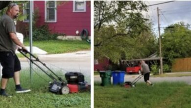 تمت مشاركة صورة هذا الأب وهو يقص العشب لزوجته السابقة أكثر من 160 ألف مرة على وسائل التواصل الاجتماعي. لكن…
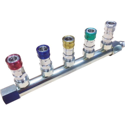 カタログ品番:6PAL5-20-5 特長:●配管から直接5分岐の空気取出口を実現できます。●手間のかかるエアー配管工事が簡単にできます。●業界初のカラーカップリングを採用しています。●配管ラインの色分けが可能です。●従来品より軽量です。 用途:●エアー配管から直接、取り出し口を分岐出来ます。 仕様:●最高使用圧力(MPa):1.5●分岐数:5●取入口:R3/4●使用温度範囲(℃):-20〜80●色:赤・青・黄・緑・銀●使用流体:空気 材質/仕上:●本体:鋼鉄●シールゴム:ニトリルゴム(NBR) 注意:●色付けは塗装ですので、使用状況において剥がれ等が生じます。
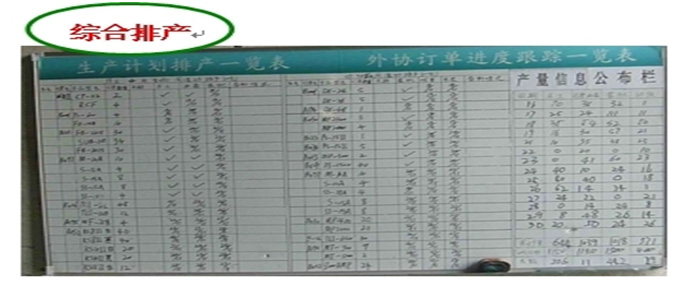 項(xiàng)目組在調(diào)研過程中發(fā)現(xiàn)各車間生產(chǎn)無任何數(shù)據(jù),無相關(guān)的報(bào)表顯示每月、每周、每天的產(chǎn)量數(shù)據(jù),也沒有計(jì)劃每天做什么,做多少。項(xiàng)目組進(jìn)駐后通過將月度綜合 《排產(chǎn)計(jì)劃》分解到每周再到每天,并在各車間班組設(shè)立了《生產(chǎn)任務(wù)指令看板》。使各班組員工能清楚的知道當(dāng)天的生產(chǎn)任務(wù)目標(biāo),也能了解到昨天完工的產(chǎn)量及 累計(jì)劃完成的產(chǎn)量離月目標(biāo)的差距。通過看板的信息使班組員工有一個(gè)共同的目標(biāo)和方向,將每一個(gè)組員凝聚在一起,通過團(tuán)隊(duì)的力量去實(shí)現(xiàn)任務(wù)目標(biāo)。
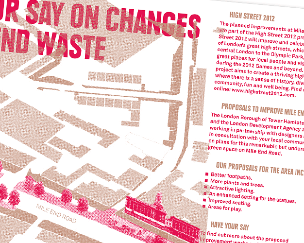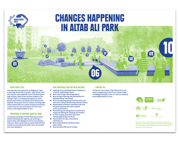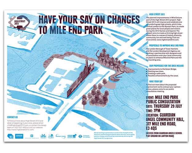 Whilst working at Objectif, I assisted in designing a series of posters and also shopfront typography as part of the Highstreet 2012 regeneration work, from Aldgate to Stratford.
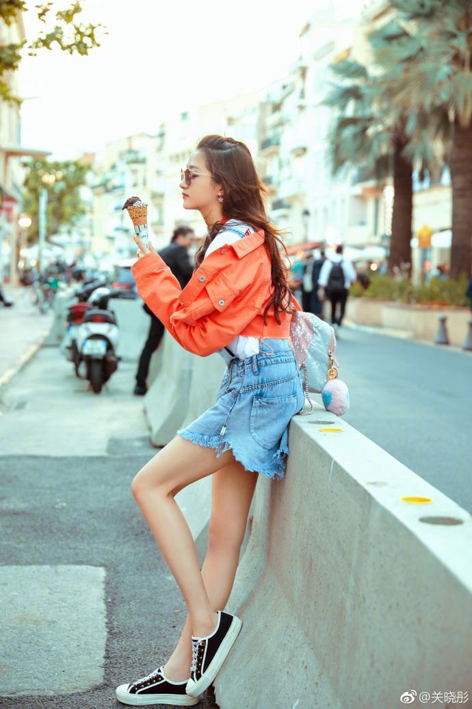 日前,关晓彤也在微博秀出自己的美照,并配文称:“夏天的风,暖暖吹过。”照片中的她身穿亮橙牛仔服配背带短裙,满屏青春气息。她漫步戛纳街头,时而微笑时而俏皮托腮,充满活力。修长美腿十分瞩目。
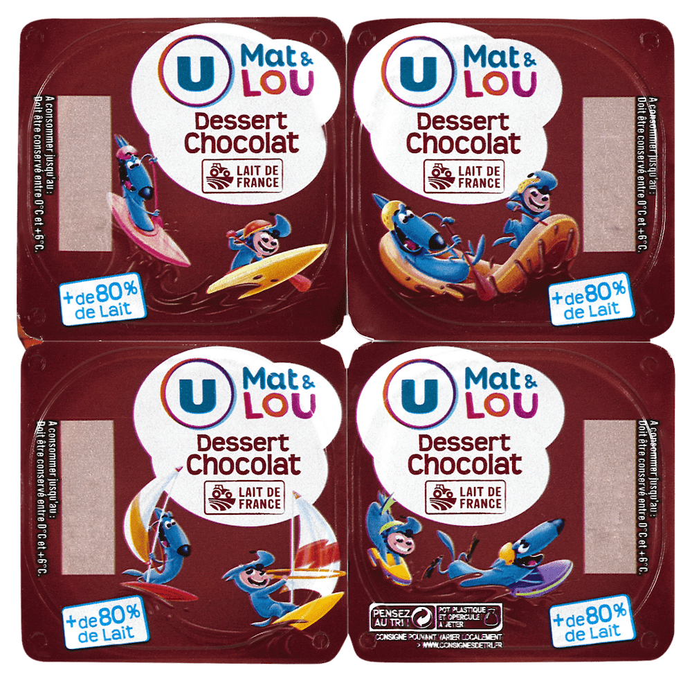 Dessert lacté gélifié au chocolat U MAT & LOU, 4x100gDessert lacté gélifié au chocolat U MAT & LOU, 4x100g
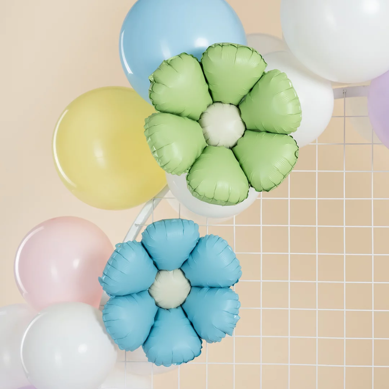 Шар с клапаном (15''/38 см) Мини-цветок, Ромашка, Голубой, Сатин, 5 шт. в уп., 27504
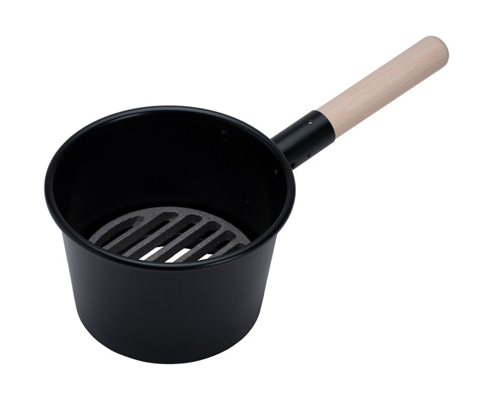 Trehåndtaket gjør det mulig å flytte pannen selv når den er varm, og den høye, rette veggprofilen holder glørne sammen samtidig som lufttilførselen gjennom åpningen kontrolleres på en naturlig måte.
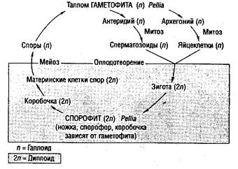 К высшим растениям относятся мхи, риниофиты (полностью вымершие), плауны, хвощи, папоротники, голосеменные и покрытосеменные (цветковые). В циклах развития всех высших растений существует два поколения — половое (гаметофит) и бесполое (спорофит). Это явление называется сменой поколений. Отдел Моховидные. Мхи — древняя, наиболее примитивная группа высших растений. Возраст ископаемых остатков 400 млн лет. Моховидных около 27 тыс. видов, на территории Беларуси из них встречается около 400 видов. Мхи — низкорослые растеньица, произрастающие на болотных кочках, сырых лугах, в хвойных лесах, на стволах деревьев, в горах. Моховидные — это небольшие (от нескольких миллиметров до нескольких сантиметров), преимущественно многолетние фотосинтезирующие растения. Тело их состоит из простых или разветвленных стеблей с листочками; у печеночных мхов тело представляет собой слоевище. Моховидные не имеют корней и прикрепляются к субстрату с помощью ризоидов. Ризоидами (это вытянутая клетка или несколько клеток в нижней части стебля) мхи поглощают из почвы воду и минеральные соли. У моховидных формируются покровные и проводящие ткани, но нет механических тканей, нет настоящих сосудов. Моховидные имеют многоклеточные органы полового размножения. Различают листостебельные и печеночные мхи. Листостебельные мхи подразделяются на Зеленые мхи и Сфагновые. Представителем зеленых мхов является кукушкин лен. Растение кукушкин лен достигает в высоту 12—20 см. Стебель тонкий, направлен вверх. На стебле густо расположены узкие зеленые листья. Кукушкин лен — раздельнополое растение. Мужские растения имеют на верхушке красноватые листочки, между которыми находятся мешочки — мужские органы полового размножения — антеридии. В них развиваются сперматозоиды, имеющие по два, жгутика. На верхушке стебля женского растения между листьями расположены архегоний. Архегоний имеет колбообразную форму, в расширенной части находится яйцеклетка — неподвижная округлая женская гамета. Растение, на котором образуются половые клетки — гаметы, называется гаметофитом. Мужские и женские растения растут рядом. При наличии капель воды (дождя, росы) сперматозоиды передвигаются в воде и достигают архегониев, где мужские и женские гаметы сливаются. Образуется зигота. Это — половое размножение. На следующий год зигота, не выходя из архегония, начинает делиться и из нее на верхушке женского растения на длинной безлистной ножке развивается коробочка, покрытая волосистым колпачком. В нижней части ножки образуется присоска, которая поглощает из женского растения органические вещества. Коробочка представляет собой спорангий. Внутри — множество мелких спор. Коробочка с ножкой называется спорофитом. Когда споры созревают, они высыпаются и рассеиваются ветром. Попав в благоприятные условия, споры прорастают. Это — бесполое размножение. В почве из проросшей споры развивается длинная тонкая ветвящаяся нить зеленого цвета, напоминающая зеленую водоросль — протонема. В дальнейшем на нитях образуются почки, из которых вырастают покрытые листьями молодые растения кукушкина льна. У мохообразных доминирует поколение гаметофитов, у всех остальных наземных растений — поколение спорофитов (рис.1).
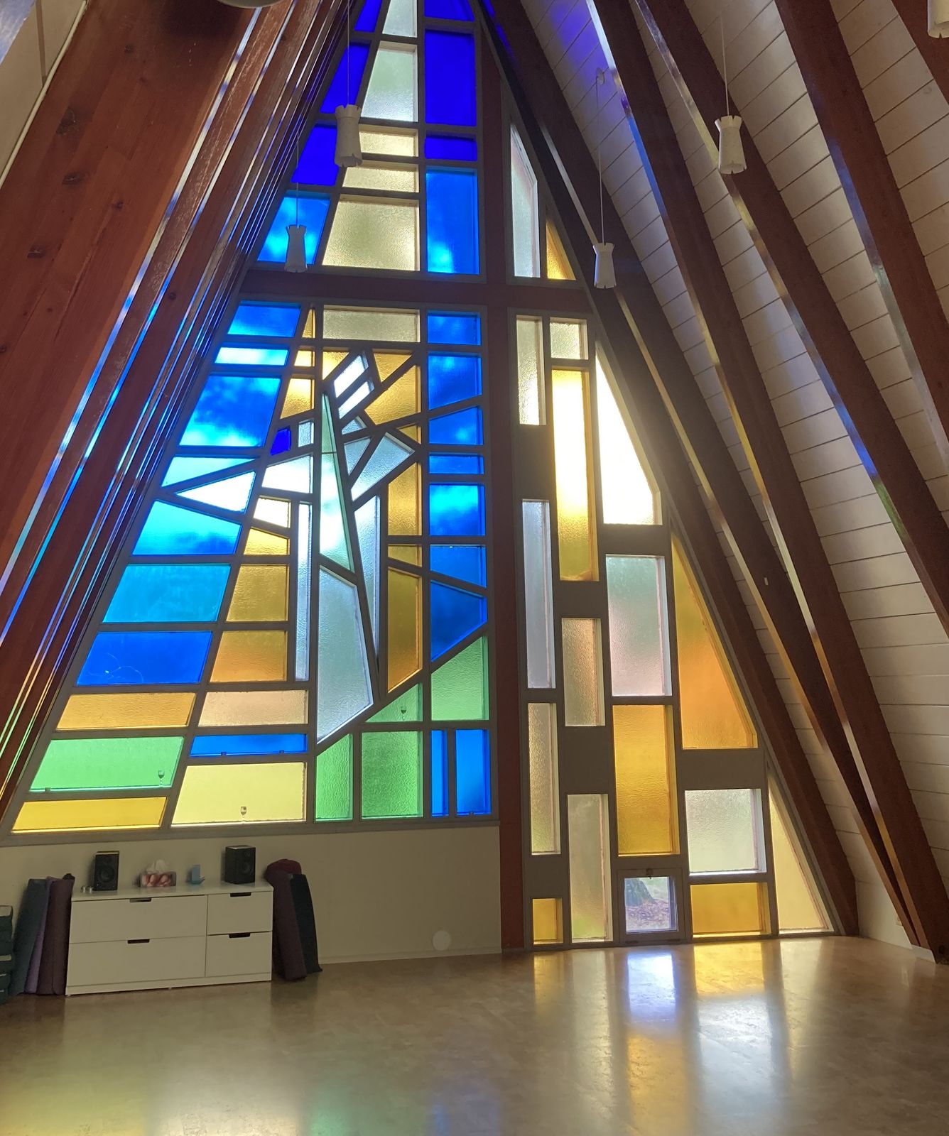 To this day, the studio incorporates most of the original architecture of the chapel. The abstract stained glass windows are the most noticeable feature, inviting light and colour into the space. The stone wall opposite is of a particular style common to the era the chapel was built and features local rock. The wooden beams that reach to the peak are striking. The large crosses indicate where the altar once stood and other small details can be found. These elements acknowledge the history of the space.
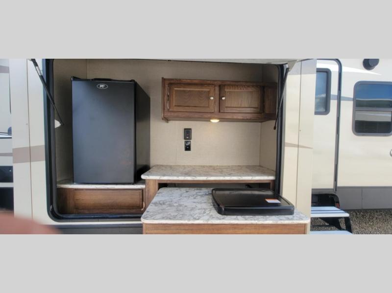 There are many features inside to enjoy and plenty outside. The exterior kitchen provides a refrigerator, two burner cook-top, and a sink. When unloading and loading your outdoor gear, the pass-through compartment near the front and the exterior storage near the rear come in handy.
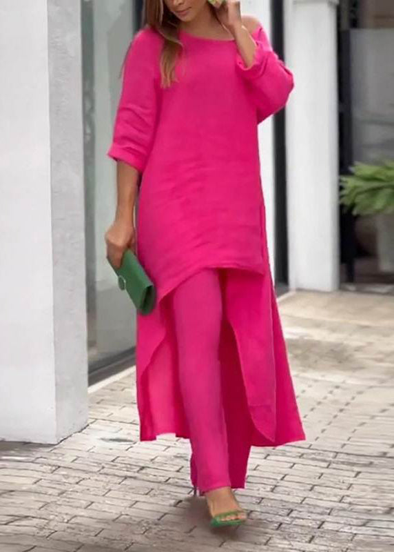 Simple Baby Blue Asymmetrical Patchwork Top And Wide Leg Pants Two Pieces Set Half Sleeve

#####

# Task prompt
All of the records above must be copied exactly, except for the pictures.

# Response area
 تمت مشاركة صورة هذا الأب وهو يقص العشب لزوجته السابقة أكثر من 160 ألف مرة على وسائل التواصل الاجتماعي. لكن…
 カタログ品番:6PAL5-20-5 特長:●配管から直接5分岐の空気取出口を実現できます。●手間のかかるエアー配管工事が簡単にできます。●業界初のカラーカップリングを採用しています。●配管ラインの色分けが可能です。●従来品より軽量です。 用途:●エアー配管から直接、取り出し口を分岐出来ます。 仕様:●最高使用圧力(MPa):1.5●分岐数:5●取入口:R3/4●使用温度範囲(℃):-20〜80●色:赤・青・黄・緑・銀●使用流体:空気 材質/仕上:●本体:鋼鉄●シールゴム:ニトリルゴム(NBR) 注意:●色付けは塗装ですので、使用状況において剥がれ等が生じます。
 項(xiàng)目組在調(diào)研過程中發(fā)現(xiàn)各車間生產(chǎn)無任何數(shù)據(jù),無相關(guān)的報(bào)表顯示每月、每周、每天的產(chǎn)量數(shù)據(jù),也沒有計(jì)劃每天做什么,做多少。項(xiàng)目組進(jìn)駐后通過將月度綜合 《排產(chǎn)計(jì)劃》分解到每周再到每天,并在各車間班組設(shè)立了《生產(chǎn)任務(wù)指令看板》。使各班組員工能清楚的知道當(dāng)天的生產(chǎn)任務(wù)目標(biāo),也能了解到昨天完工的產(chǎn)量及 累計(jì)劃完成的產(chǎn)量離月目標(biāo)的差距。通過看板的信息使班組員工有一個(gè)共同的目標(biāo)和方向,將每一個(gè)組員凝聚在一起,通過團(tuán)隊(duì)的力量去實(shí)現(xiàn)任務(wù)目標(biāo)。
 Whilst working at Objectif, I assisted in designing a series of posters and also shopfront typography as part of the Highstreet 2012 regeneration work, from Aldgate to Stratford.
 日前,关晓彤也在微博秀出自己的美照,并配文称:“夏天的风,暖暖吹过。”照片中的她身穿亮橙牛仔服配背带短裙,满屏青春气息。她漫步戛纳街头,时而微笑时而俏皮托腮,充满活力。修长美腿十分瞩目。
 Dessert lacté gélifié au chocolat U MAT & LOU, 4x100gDessert lacté gélifié au chocolat U MAT & LOU, 4x100g
 Шар с клапаном (15''/38 см) Мини-цветок, Ромашка, Голубой, Сатин, 5 шт. в уп., 27504
 Trehåndtaket gjør det mulig å flytte pannen selv når den er varm, og den høye, rette veggprofilen holder glørne sammen samtidig som lufttilførselen gjennom åpningen kontrolleres på en naturlig måte.
 К высшим растениям относятся мхи, риниофиты (полностью вымершие), плауны, хвощи, папоротники, голосеменные и покрытосеменные (цветковые). В циклах развития всех высших растений существует два поколения — половое (гаметофит) и бесполое (спорофит). Это явление называется сменой поколений. Отдел Моховидные. Мхи — древняя, наиболее примитивная группа высших растений. Возраст ископаемых остатков 400 млн лет. Моховидных около 27 тыс. видов, на территории Беларуси из них встречается около 400 видов. Мхи — низкорослые растеньица, произрастающие на болотных кочках, сырых лугах, в хвойных лесах, на стволах деревьев, в горах. Моховидные — это небольшие (от нескольких миллиметров до нескольких сантиметров), преимущественно многолетние фотосинтезирующие растения. Тело их состоит из простых или разветвленных стеблей с листочками; у печеночных мхов тело представляет собой слоевище. Моховидные не имеют корней и прикрепляются к субстрату с помощью ризоидов. Ризоидами (это вытянутая клетка или несколько клеток в нижней части стебля) мхи поглощают из почвы воду и минеральные соли. У моховидных формируются покровные и проводящие ткани, но нет механических тканей, нет настоящих сосудов. Моховидные имеют многоклеточные органы полового размножения. Различают листостебельные и печеночные мхи. Листостебельные мхи подразделяются на Зеленые мхи и Сфагновые. Представителем зеленых мхов является кукушкин лен. Растение кукушкин лен достигает в высоту 12—20 см. Стебель тонкий, направлен вверх. На стебле густо расположены узкие зеленые листья. Кукушкин лен — раздельнополое растение. Мужские растения имеют на верхушке красноватые листочки, между которыми находятся мешочки — мужские органы полового размножения — антеридии. В них развиваются сперматозоиды, имеющие по два, жгутика. На верхушке стебля женского растения между листьями расположены архегоний. Архегоний имеет колбообразную форму, в расширенной части находится яйцеклетка — неподвижная округлая женская гамета. Растение, на котором образуются половые клетки — гаметы, называется гаметофитом. Мужские и женские растения растут рядом. При наличии капель воды (дождя, росы) сперматозоиды передвигаются в воде и достигают архегониев, где мужские и женские гаметы сливаются. Образуется зигота. Это — половое размножение. На следующий год зигота, не выходя из архегония, начинает делиться и из нее на верхушке женского растения на длинной безлистной ножке развивается коробочка, покрытая волосистым колпачком. В нижней части ножки образуется присоска, которая поглощает из женского растения органические вещества. Коробочка представляет собой спорангий. Внутри — множество мелких спор. Коробочка с ножкой называется спорофитом. Когда споры созревают, они высыпаются и рассеиваются ветром. Попав в благоприятные условия, споры прорастают. Это — бесполое размножение. В почве из проросшей споры развивается длинная тонкая ветвящаяся нить зеленого цвета, напоминающая зеленую водоросль — протонема. В дальнейшем на нитях образуются почки, из которых вырастают покрытые листьями молодые растения кукушкина льна. У мохообразных доминирует поколение гаметофитов, у всех остальных наземных растений — поколение спорофитов (рис.1).
 To this day, the studio incorporates most of the original architecture of the chapel. The abstract stained glass windows are the most noticeable feature, inviting light and colour into the space. The stone wall opposite is of a particular style common to the era the chapel was built and features local rock. The wooden beams that reach to the peak are striking. The large crosses indicate where the altar once stood and other small details can be found. These elements acknowledge the history of the space.
 There are many features inside to enjoy and plenty outside. The exterior kitchen provides a refrigerator, two burner cook-top, and a sink. When unloading and loading your outdoor gear, the pass-through compartment near the front and the exterior storage near the rear come in handy.
 Simple Baby Blue Asymmetrical Patchwork Top And Wide Leg Pants Two Pieces Set Half Sleeve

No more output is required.